Osho, Beyond Psychology, Chapter 33
As big as the United States is, with all its tremendous resources and potential, I guess I expect a little more from the country of my birth. After all, it does happen to be the place Osho indicated the New Man will appear. The unfortunate reality as I see it: meditation has yet to take root in America. I’m not saying that unless you are into Osho you can’t know meditation. But for a man who is universally regarded as one of the world’s greatest mystics and religious thinkers of all time, I find it bordering on conspiratorial his books are not more-readily available in mainstream bookstores across the country. You’ll have no problem finding titles reflecting the latest trends from Buddhism, yoga, Dr. Phil.. Perhaps it takes a Madonna or a Sting to start doing Kundalini; or Oprah reading “Way of the White Cloud” to turn our heads. But let’s face it: In America, it’s easier to be entertained than to meditate. Why? Because meditation is sure to change you. It is sure to shake your tree. Meditation doesn’t screw around. It works. It disturbs. Yes, it creates waves in our safe, comfortable little lives, there’s no way around that. And yes, there is every possibility if we start meditating we might come to see some not-so-pretty things about ourselves along the way; a possibility when we start peeling the layers of the collective onion, we’ll come across a little bit of Saddam or Bush hiding inside all of us. Let’s be honest: For most of us, I think that’s a very scary prospect. But then again, coming back to that word ‘choice’. We have to want to wake up. Meditation takes courage and commitment, to stand up, alone if need be, and say: No more Hiroshimas. No more Nagasakis.
“What happened in America with me is nothing new. It has always been happening. You have to understand one thing, that whenever there is somebody who has a message for you which goes against your traditional ways, your orthodoxy, your conditioning – then your whole priesthood, your politicians, the status quo, all the vested interests are against such a man. For the simple reason: because he is a disturbance. If people listen to him there is going to be a revolution.”
Osho, The Last Testament, Volume 5, Chapter 23
Walking away from Peace Park, I felt a new clarity arising in me. I remembered all the times I heard Osho speak about the vested interests, politicians, priests, and the masses who worship their every word; how lies are continuously fed societies in an effort to manipulate and control them. I don’t think what’s happening now with George Bush is anything new. But for myself, I see my choices more clearly now. I get reminded of these choices every year at the events, seeing people from all different nationalities and backgrounds coming together to meditate, celebrate, dance, sing, to love and rejoice in their life-energy.

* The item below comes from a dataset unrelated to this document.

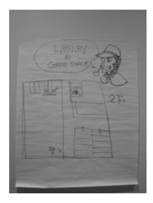
Figure 2. Thinking of the library as a three-dimensional game space.

The shift from two-dimensional to three-dimensional space was also challenging for our participants. Our project is intended to use New York City as a "game board," however in the case of the library we were restricted to using the library space itself (see Figure 2) as our three-dimensional canvas because of parental permission issues. The most successful usage of this space for game play was when youth mapped story elements from popular fiction onto different areas in the library. In this four-story space, the basement, for example, was often associated with a nefarious or illicit locale. The elevator was sometimes endowed with magical powers. Given that the usage of GPS was impossible within this setting, kids also had to make due with using QR codes as their sole link between physical and digital game space. The most successful genre of game that fit these constraints was the scavenger hunt, particularly with the added element of hiding codes where they would be difficult to find, such as under window shades, within books, or in hidden sections of bookshelves. We consider the three-dimensional games that our participants produced in the workshop a first step along the broad spectrum of three-dimensional game design—one that was particularly successful in disassociating mobile devices merely with their media consumption capabilities.

They are just ordinary people like myself, making positive choice, for themselves and on behalf of humanity; choices that are in the interest of life, creativity, love, joy — not death, misery, and destruction. The responsible choice as I see for myself – and my answer to Hiroshima’s everywhere – is to wake up. Places like Peace Park remind the distance we still need to travel before claiming ourselves civilized. And for God’s sake, let us not forget our sense of humor.